SOURCE DATA =>

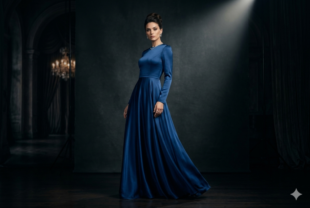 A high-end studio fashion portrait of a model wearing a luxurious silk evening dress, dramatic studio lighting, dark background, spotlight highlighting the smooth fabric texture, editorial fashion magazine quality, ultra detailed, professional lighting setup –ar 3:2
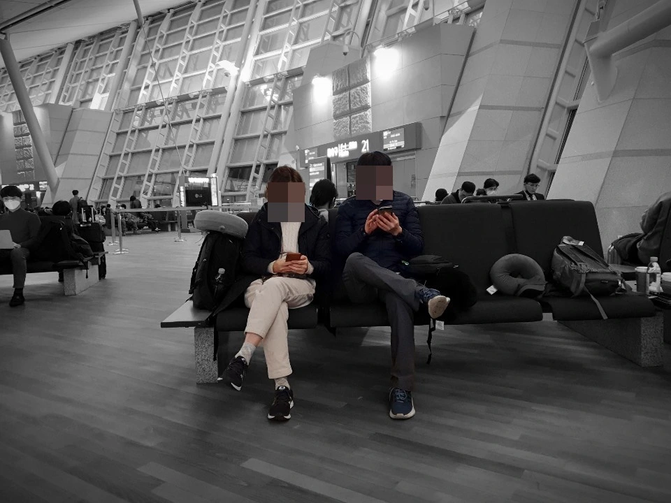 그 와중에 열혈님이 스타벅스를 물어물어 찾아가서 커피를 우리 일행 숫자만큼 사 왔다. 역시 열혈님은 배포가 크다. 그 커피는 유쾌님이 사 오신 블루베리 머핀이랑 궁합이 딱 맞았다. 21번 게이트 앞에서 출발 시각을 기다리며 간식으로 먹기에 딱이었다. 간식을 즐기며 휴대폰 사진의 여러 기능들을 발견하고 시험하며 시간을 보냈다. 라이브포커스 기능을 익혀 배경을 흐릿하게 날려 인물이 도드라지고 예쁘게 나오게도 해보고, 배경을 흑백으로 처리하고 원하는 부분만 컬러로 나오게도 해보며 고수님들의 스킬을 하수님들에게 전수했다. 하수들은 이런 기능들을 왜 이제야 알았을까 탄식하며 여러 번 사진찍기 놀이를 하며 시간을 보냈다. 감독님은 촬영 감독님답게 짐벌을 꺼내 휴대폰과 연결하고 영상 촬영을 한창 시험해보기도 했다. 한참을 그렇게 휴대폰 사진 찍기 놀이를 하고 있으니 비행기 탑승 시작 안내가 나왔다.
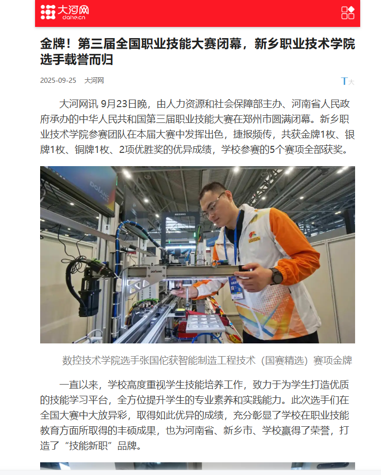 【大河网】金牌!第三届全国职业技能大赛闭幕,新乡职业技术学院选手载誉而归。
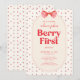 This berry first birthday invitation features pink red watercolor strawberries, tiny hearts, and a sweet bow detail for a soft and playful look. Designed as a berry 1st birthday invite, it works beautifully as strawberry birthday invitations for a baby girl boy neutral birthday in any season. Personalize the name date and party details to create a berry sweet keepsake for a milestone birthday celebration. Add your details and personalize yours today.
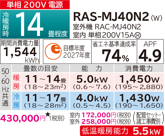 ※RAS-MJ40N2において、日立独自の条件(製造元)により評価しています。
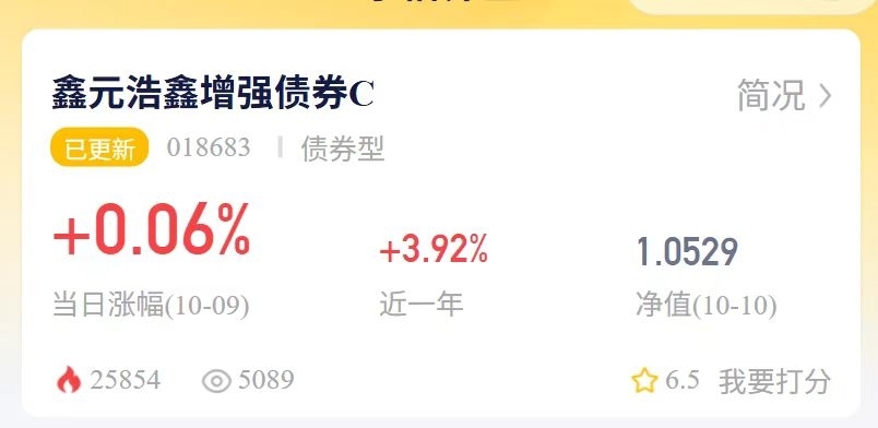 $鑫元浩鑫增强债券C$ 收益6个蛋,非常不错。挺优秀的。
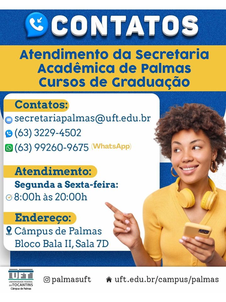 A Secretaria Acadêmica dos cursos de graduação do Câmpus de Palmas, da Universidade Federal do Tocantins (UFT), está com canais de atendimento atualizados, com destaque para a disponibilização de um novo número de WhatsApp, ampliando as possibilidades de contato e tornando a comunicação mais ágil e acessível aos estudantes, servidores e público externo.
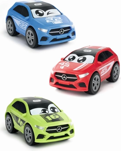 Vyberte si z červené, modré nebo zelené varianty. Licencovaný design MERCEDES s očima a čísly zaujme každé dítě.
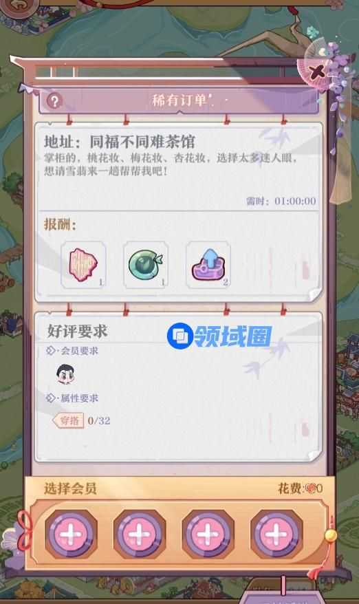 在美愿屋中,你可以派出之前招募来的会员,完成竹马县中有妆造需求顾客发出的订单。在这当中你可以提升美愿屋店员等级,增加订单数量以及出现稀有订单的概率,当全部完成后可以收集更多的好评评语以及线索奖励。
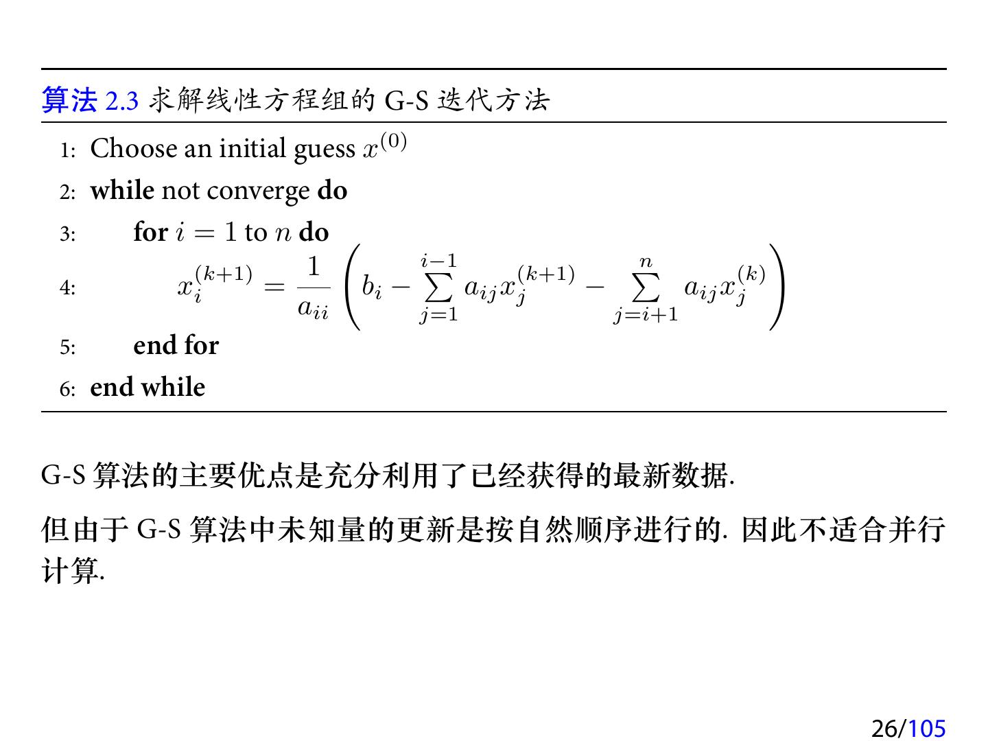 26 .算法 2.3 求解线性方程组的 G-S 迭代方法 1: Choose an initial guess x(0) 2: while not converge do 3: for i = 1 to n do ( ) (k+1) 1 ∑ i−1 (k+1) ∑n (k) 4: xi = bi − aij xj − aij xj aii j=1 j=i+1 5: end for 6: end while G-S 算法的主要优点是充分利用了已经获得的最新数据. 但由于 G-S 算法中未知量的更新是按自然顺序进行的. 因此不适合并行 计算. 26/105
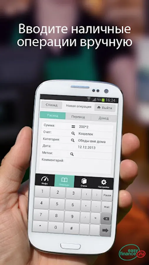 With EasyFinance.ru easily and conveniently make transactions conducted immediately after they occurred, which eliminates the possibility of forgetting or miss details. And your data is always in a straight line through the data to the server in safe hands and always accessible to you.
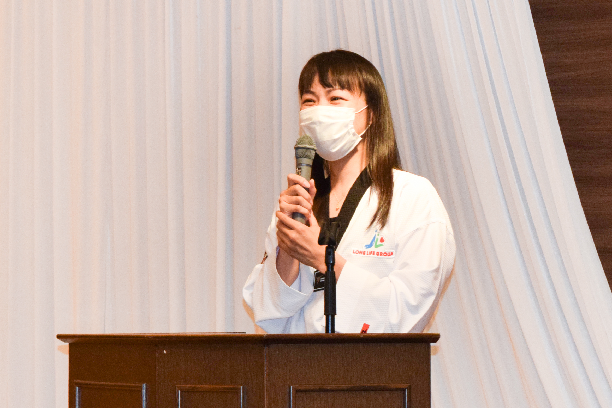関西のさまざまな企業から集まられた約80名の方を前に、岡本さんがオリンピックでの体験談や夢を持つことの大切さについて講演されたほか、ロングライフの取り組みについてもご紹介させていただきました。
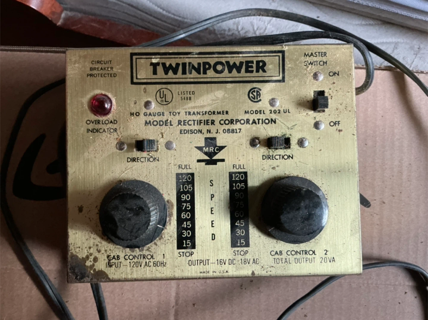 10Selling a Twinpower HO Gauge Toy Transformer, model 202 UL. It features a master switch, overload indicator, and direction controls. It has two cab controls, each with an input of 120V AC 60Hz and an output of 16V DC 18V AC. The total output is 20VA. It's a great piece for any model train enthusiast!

--

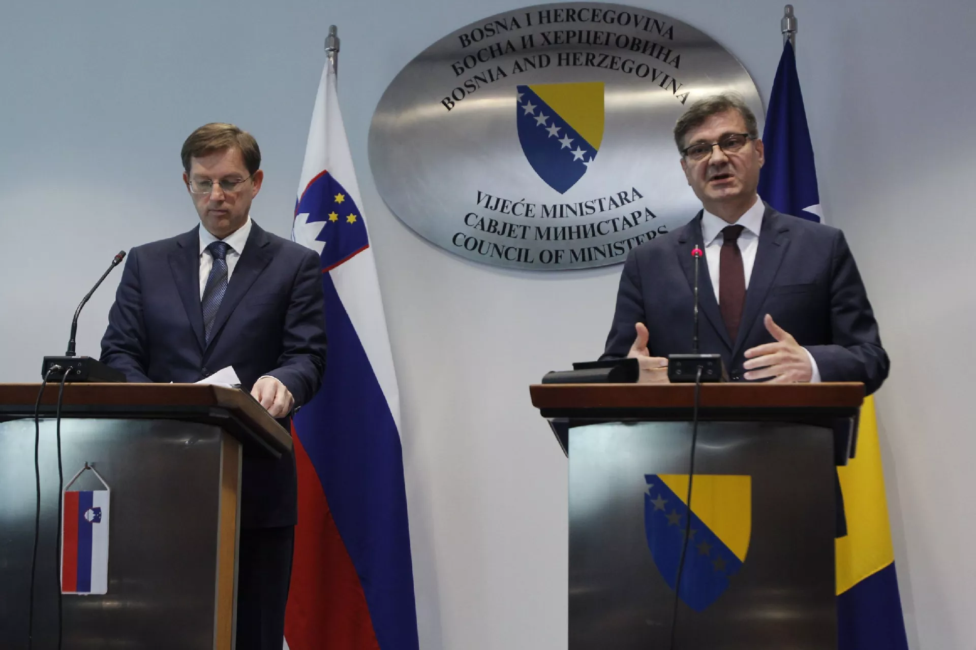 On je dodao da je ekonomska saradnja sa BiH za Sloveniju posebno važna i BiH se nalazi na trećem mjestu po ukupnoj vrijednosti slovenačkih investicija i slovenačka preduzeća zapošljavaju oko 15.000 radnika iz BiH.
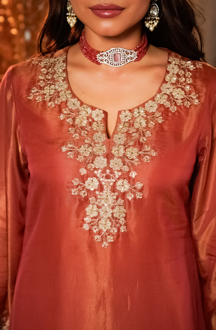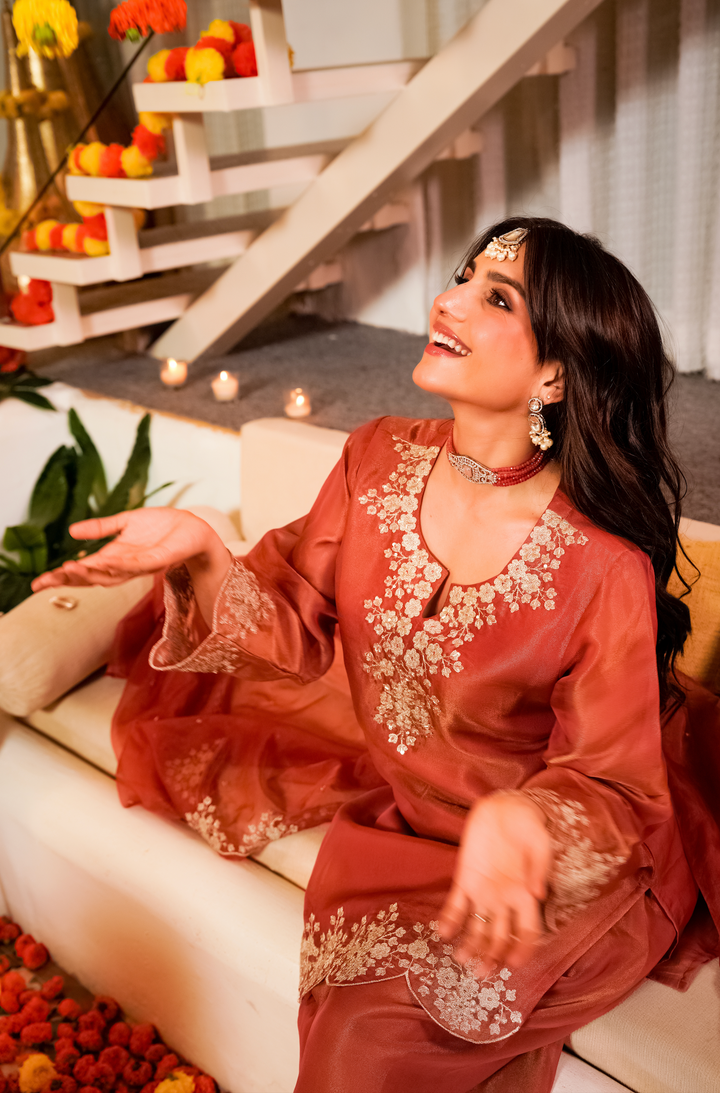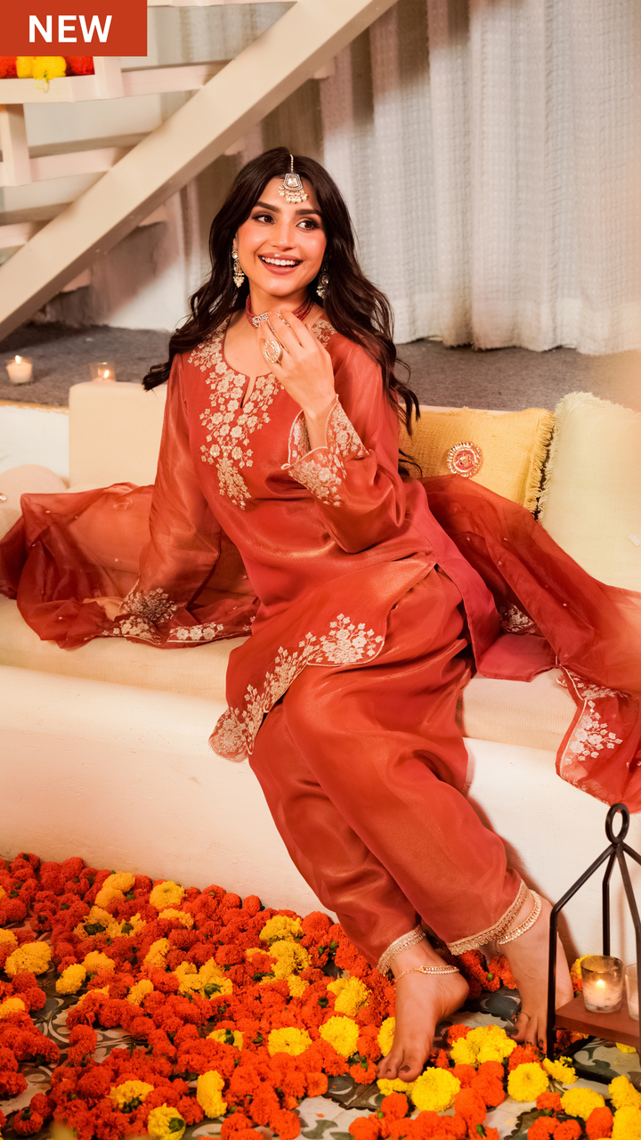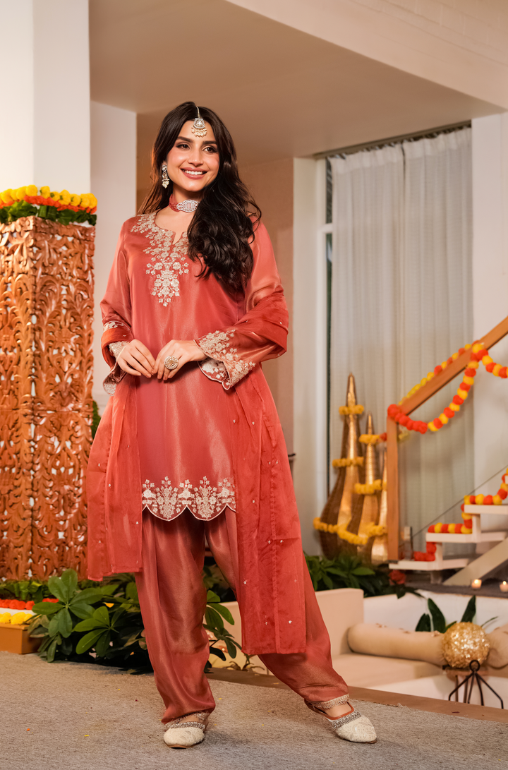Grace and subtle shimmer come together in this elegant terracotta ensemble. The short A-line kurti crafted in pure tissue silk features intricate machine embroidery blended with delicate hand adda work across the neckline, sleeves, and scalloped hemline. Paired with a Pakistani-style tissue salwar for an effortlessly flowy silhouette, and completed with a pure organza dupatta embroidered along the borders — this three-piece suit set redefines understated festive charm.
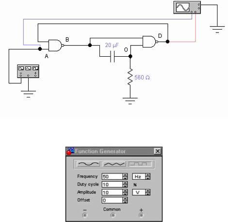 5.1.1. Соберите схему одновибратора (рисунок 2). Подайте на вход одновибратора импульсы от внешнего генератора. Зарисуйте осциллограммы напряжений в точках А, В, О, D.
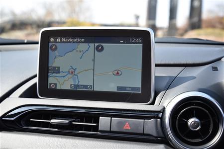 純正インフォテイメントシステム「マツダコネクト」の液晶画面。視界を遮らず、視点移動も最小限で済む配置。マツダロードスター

YOUR GOAL => Beginning with the line holding "関西のさまざまな企業から集ま" in the material above, restate word for word each line through the line holding "10Selling a Twinpower", and exclude pictures.

RESPONSE BOX =>
関西のさまざまな企業から集まられた約80名の方を前に、岡本さんがオリンピックでの体験談や夢を持つことの大切さについて講演されたほか、ロングライフの取り組みについてもご紹介させていただきました。
 10Selling a Twinpower HO Gauge Toy Transformer, model 202 UL. It features a master switch, overload indicator, and direction controls. It has two cab controls, each with an input of 120V AC 60Hz and an output of 16V DC 18V AC. The total output is 20VA. It's a great piece for any model train enthusiast!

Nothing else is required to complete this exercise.